I'm not sure. I am sure that if those categories represented a permanent group of specific individuals, we would be justified in lamenting the state of the economy.

But at any rate, if you're someone who worries a great deal about the 1 and 99 %ers, would you be as worried if the following were true?:

Suppose just over one-in-ten (or 12%) would be in the 1% for at least a year of their lives.

Suppose further, to expand our view a bit, that just over one-in-three (or 39%) would hit top 5%, just over one-in-two (or 56%) would hit top 10%, and two-in-three (or 73%) would hit top 20%, each for at least a year of their lives.

And now suppose that less than one-in-150 (or a mere 0.6%) remained in the top 1% for 10 consecutive years.

If all of that were true -- if the income distribution were that fluid -- would you still be so upset?

You might be thinking that this is an unrealistic hypothetical, the kind of thought experiment philosophers get dumped on for being so out-of-tune with the hard facts on the ground. What good is it to imagine income mobility like that, when we all know that the rich get richer, and the poor get poorer? We all know that wages have stagnated, that poverty is more persistent than before, and so on.

It turns out that what you know, just ain't so.

The rich have gotten richer, but the poor have gotten richer too. Wages have not stagnated. The decline of the middle class that you might have heard about is not due to people earning less and so becoming lower class. The middle class has shrunk because more of us are earning an upper class income.

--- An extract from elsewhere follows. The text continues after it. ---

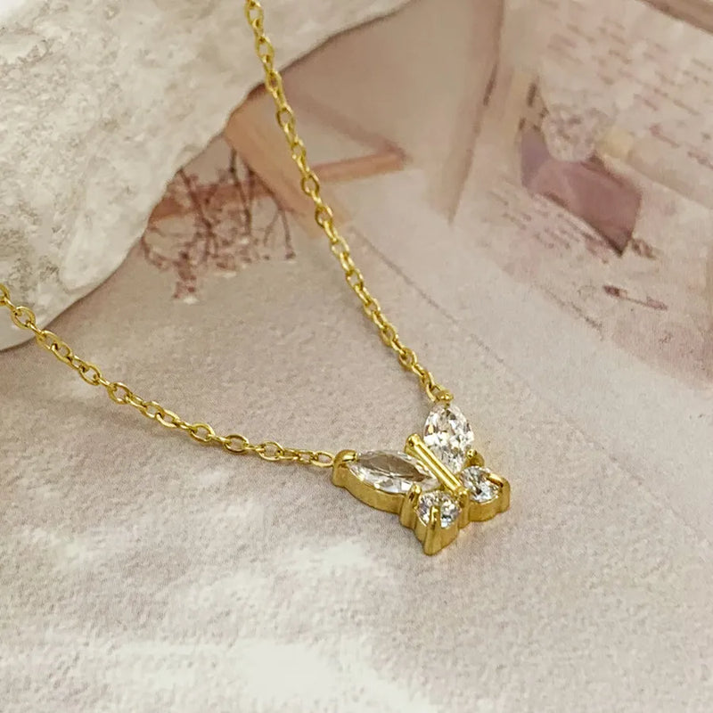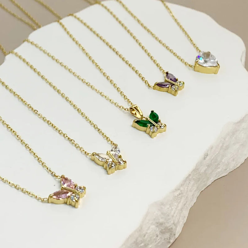 Wholesale Jewelry Simple Style Heart Shape Butterfly 304 Stainless Steel coffee bean chain cable chain Pendant Necklace
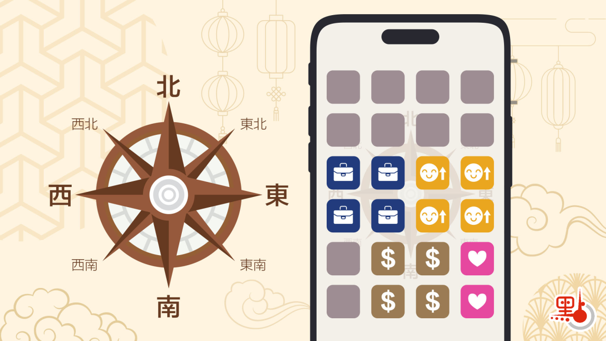 麥玲玲分享,第一步當手機界面是一個上北下南的方位,若街坊想要財運好,就將與財運有關的APP,譬如銀行、馬會投注等等,移動放置在正南方,即「歡喜財」財位。而如果街坊想要桃花運,則將交友相關APP放在東南方。另外,想找工作或者追求事業運的街坊,可以將找工作APP或者跟與現在工作有關的APP放在正西邊。最後,如果是關於各類喜事的運勢,例如添丁買樓,就將相關APP放在東邊。麥玲玲也提到,若對某種運勢比較感興趣,就可以在相應方位多放置一些,好運自然滾滾來!

So those are not good reasons to avoid the question. To repeat, then, would you be so upset if the income distribution were so fluid?

If not, then don't be so upset any longer. Because that's not hypothetical, it's a description of the income distribution over time in the U.S. The numbers for Canada are probably similar, although we should wait for a study before saying anything definitive.

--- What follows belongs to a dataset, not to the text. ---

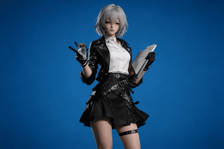 人物形象参考图2,写实风格,写真风格,真人皮肤,真人3d建模脸,超高分辨率,全身女,冷酷漠视,广角景深,高亮度,ue5渲染,强对比,电影级特效,高挑修长,日系风格,纯色蓝色背景。
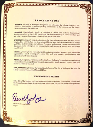 During the ceremony, Burlington mayor Emma Mulvaney-Stanak underscored the essential contribution of Francophone communities to the region’s economic, social, and cultural vitality, reaffirming her commitment to promoting linguistic diversity.

Before people get to say that they are the 99%, we should ask them, McCarthyism-style, if they ever were, or ever will be, members of the 1%. It would be more accurate for them to yell, "We are the 88%!" -- those who are persistently and not merely temporarily 99%ers.

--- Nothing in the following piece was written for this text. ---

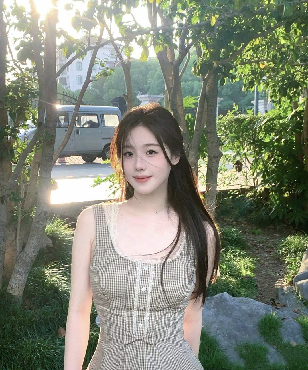 美图欣赏,看图写诗 《林间少女》 晴光过叶落格裙, 浅笑凝眸惹雀鸣。 风过发梢惊蝶梦, 一颦一顾韵无穷。 《林间的她》 路边林间的光, 碎成金箔, 落在她格纹的裙上。 她的笑,和风一起, 在树影间轻晃, 把青春的韵律, 写进了每一片叶里的张望。 图片来源于网络

But even those of us who might more accurately yell "we are the 88%" aren't really that either.

The people who are in the bottom 5% of the American income distribution are richer than 68% of people in the entire world. And that's taking into account cost of living -- the numbers are composed of international dollars adjusted for equal purchasing power. In India alone, about a quarter of that population lives on $1 a day. There are 1.24 billion people who live in India. The number of people living on a $1 a day there is almost equal to the entire population of the United States.

Maybe it makes sense to focus just on what's going on inside Canada and the U.S., and to pretend, for purposes of measuring wealth and incomes, that the rest of the world doesn't exist.

But I'm not sure why we should do that. I'm not sure what justifies such a restriction on our comparison pool. Doesn't it strike you as arbitrary? Like restricting your focus on two neighbourhoods -- say the Westmount area of Montreal and the Bridal Path area of Toronto -- when there's the rest of Canada to think about?

For people in India, I bet they think the heated discussion about top 1%ers and 99%ers in Canada and the U.S. is a great big joke. The very same kind of joke that we would laugh about if the Tremblays in the Westmount area of Montreal were to bitterly complain about the Jones' living in the Bridal Path area of Toronto. Sure, the Tremblays with their average $8 million net worth have half what the Jones' and their $16 million net worth have, but it would take a comic to suggest we should lament and despair about the Tremblays' attempts to keep up with the Jones'.

But it's not a joke. Or, maybe, the people who occupied Bay Street and Wall Street didn't get it.

Us Canadian 99%ers are not just rich, which we are. By global standards, we're filthy, stinking rich. It takes roughly an annual net income of $41,600 to be in the global 1%.

If that's you, then take a deep breath, find a mirror, and repeat these words, "I am the 1%."